Two children playing on the beach are pulling on an inner tube. One exerts a force of 45 N [N]. The other exerts a force of 60 N [SW]. What is the net force acting on the tube?
Break the second force into a S and a W vector. The S subtracts from the original N vector. With that resultant, add to the W vector.

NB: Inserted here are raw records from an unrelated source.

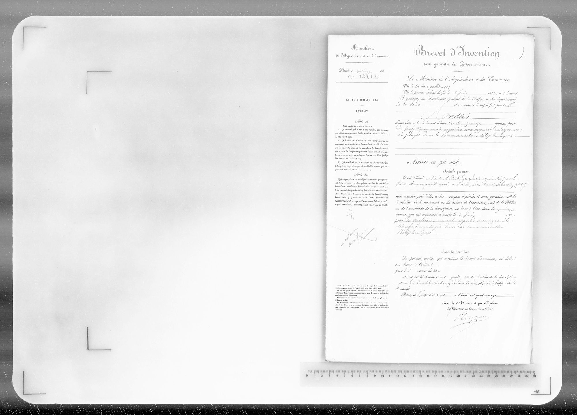 - Brevet d'invention de 15 ans
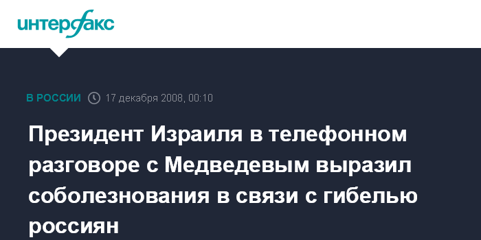Президент Израиля в телефонном разговоре с Медведевым выразил соболезнования в связи с гибелью россиян
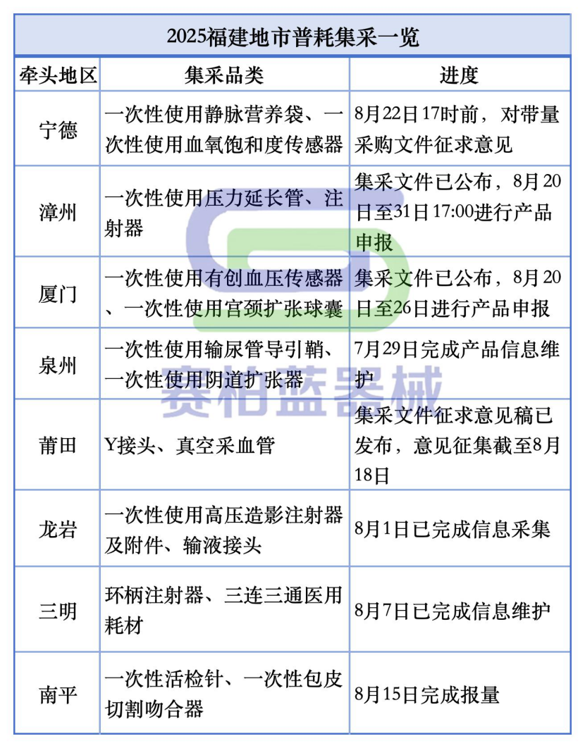 截至目前,福建漳州、廈門、寧德、南平、漳州、泉州、莆田、龍巖、三明均已發(fā)布相關通知,采購品類以低值耗材為主。
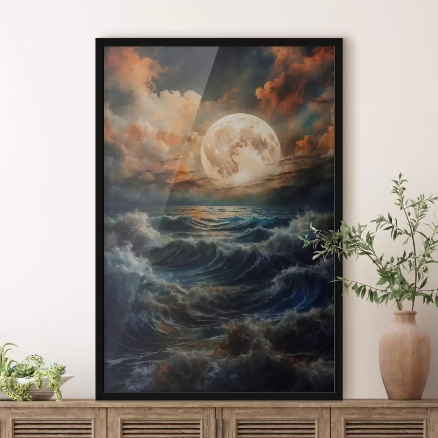 Didingas mėnulis virš audringos jūros
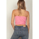 Pink Crop Stretchy Double Strap Slim Fit Tank Top
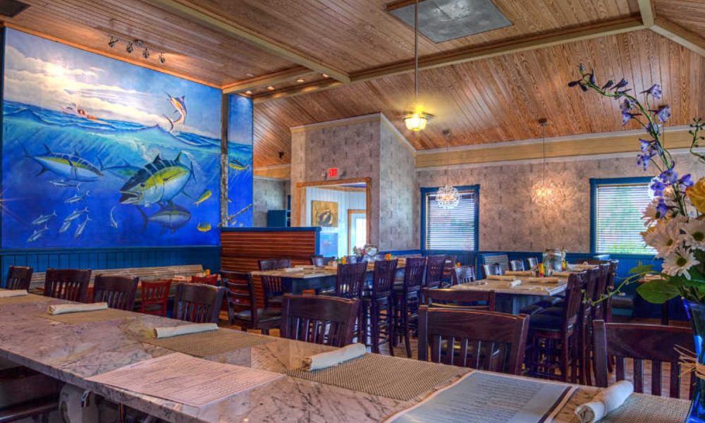 Fat Tuna Grill & Oyster House is renowned for its fresh seafood and vibrant atmosphere. The restaurant features a diverse menu with specialties like raw oysters and Williamsburg-style shrimp and grits, complemented by a selection of drinks. This local favorite is known for its quality service and welcoming environment.
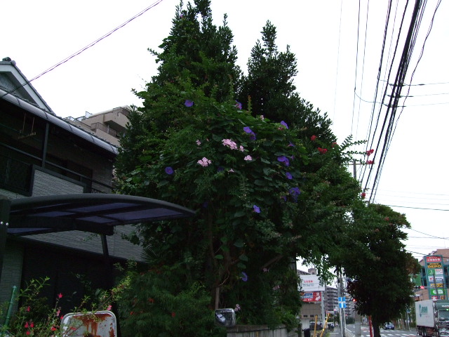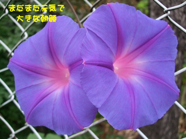 今日は青空が広がって冷たい空気の朝・ぶらりと出かけた いつもの朝顔今日は遠くから撮影 夏の頃より花は小さくなって来たが 今でも12センチくらいはあって葉も衰え知らず。ご覧のように 工場の塀に咲いてます。 今日昼過ぎ届いたずっちゃん紹介の猫の手
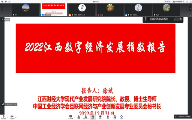 2022年12月31日,由中国工业经济学会互联网经济与产业创新发展专业委员会和我院、产业经济研究院、经济与社会发展研究院、中国工业经济杂志社、当代财经杂志社等联合主办的“2022数字经济与产业发展高峰论坛”成功举行。中国社会科学院工业经济研究所所长史丹、江西财经大学党委书记卢福财、华侨大学经济与金融学院院长郭克莎、湖南科技大学党委副书记刘友金、中央财经大学经济学院院长陈斌开分别发表主旨演讲,我院张利国院长主持论坛。中国社会科学院工业经济研究所所长、中国工业经济学会理事长兼常务副会长史丹研究员和我校党委书记、中国工业经济学会副会长卢福财教授分别致开幕辞。
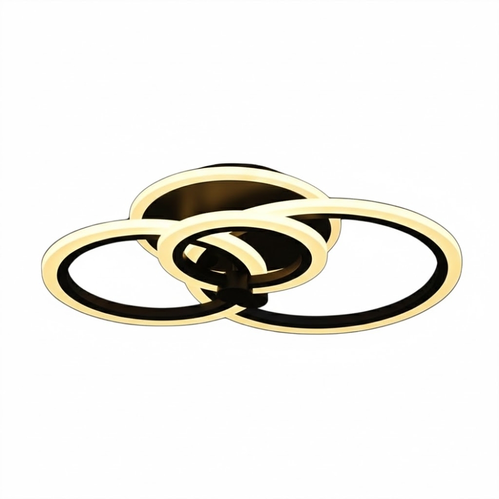 Lustra ofera trei tipuri de lumina – 3000K, 4000K si 6500K – precum si reglaj al intensitatii direct din telecomanda. Finisajul negru si designul modern cu forme circulare o fac potrivita pentru living, dormitor, birou sau spatii comerciale. Functioneaza la tensiune standard si poate fi controlata atat din telecomanda, cat si din intrerupatorul clasic.
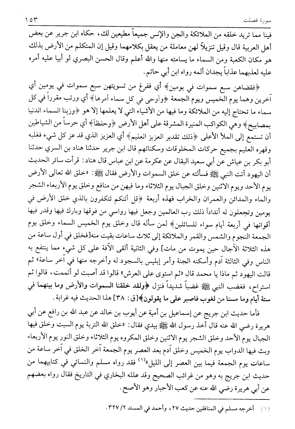 فَأَمَّا حَدِيثُ ابْنِ جُرَيْجٍ عَنْ إِسْمَاعِيلُ بْنُ أُمَيَّةَ عَنْ أَيُّوبَ بْنِ خَالِدٍ عَنْ عَبْدِ اللَّهِ بْنِ رَافِعٍ عَنْ أَبِي هُرَيْرَةَ رَضِيَ اللَّهُ عَنْهُ قَالَ أَخَذَ رَسُولُ اللَّهِ صَلَّى اللَّهُ عَلَيْهِ وَسَلَّمَ بِيَدِي فَقَالَ: «خَلَقَ اللَّهُ التُّرْبَةَ يَوْمَ السَّبْتِ وَخَلَقَ فِيهَا الْجِبَالَ يَوْمَ الْأَحَدِ وَخَلَقَ الشَّجَرَ يَوْمَ الِاثْنَيْنِ وَخَلَقَ الْمَكْرُوهَ يَوْمَ الثُّلَاثَاءِ وَخَلَقَ النُّورَ يَوْمَ الْأَرْبِعَاءِ وَبَثَّ فِيهَا الدَّوَابَّ يَوْمَ الْخَمِيسِ وَخَلَقَ آدَمَ بَعْدَ الْعَصْرِ يَوْمَ الْجُمُعَةِ آخِرَ الْخَلْقِ فِي آخِرِ سَاعَةٍ مِنْ سَاعَاتِ يوم الْجُمُعَةِ فِيمَا بَيْنَ الْعَصْرِ إِلَى اللَّيْلِ» «1» فَقَدْ رواه مسلم والنسائي في كتابيهما من حَدِيثِ ابْنِ جُرَيْجٍ بِهِ وَهُوَ مِنْ غَرَائِبِ الصَّحِيحِ وَقَدْ عَلَّلَهُ الْبُخَارِيُّ فِي التَّارِيخِ فَقَالَ رَوَاهُ بَعْضُهُمْ عَنْ أَبِي هُرَيْرَةَ رَضِيَ اللَّهُ عَنْهُ عَنِ كعب الأحبار وهو الأصح.

To find the net force acting on the tube, we need to combine the forces exerted by each child. Since the forces are given in both magnitude and direction, we will use vector addition.
First, let's convert the force exerted by the second child from a magnitude and direction to its horizontal and vertical components. We can use trigonometry to do this.
The force exerted by the second child is 60 N at a direction of southwest (SW). Since southwest is at a 45-degree angle from north (assuming north is the positive y-direction), we can use the following equations:
horizontal component = magnitude * cos(angle)
vertical component = magnitude * sin(angle)
horizontal component = 60 N * cos(45°) = 60 N * 0.707 = 42.42 N [E]
vertical component = 60 N * sin(45°) = 60 N * 0.707 = 42.42 N [S]
Now we have converted the force exerted by the second child into its horizontal and vertical components: 42.42 N [E] and 42.42 N [S].
To find the net force, we need to add the horizontal and vertical components of both children's forces separately.
Horizontal component of net force = 45 N + 42.42 N [E] = 87.42 N [E]
Vertical component of net force = 0 N + 42.42 N [S] = 42.42 N [S]
Finally, we need to combine the horizontal and vertical components to find the net force. We can use the Pythagorean theorem:
net force = sqrt((horizontal component)^2 + (vertical component)^2)
net force = sqrt((87.42 N)^2 + (42.42 N)^2)
net force = sqrt(7621.0564 N^2 + 1796.1764 N^2)
net force = sqrt(9417.2328 N^2)
net force = 97.03 N
Therefore, the net force acting on the tube is approximately 97.03 N.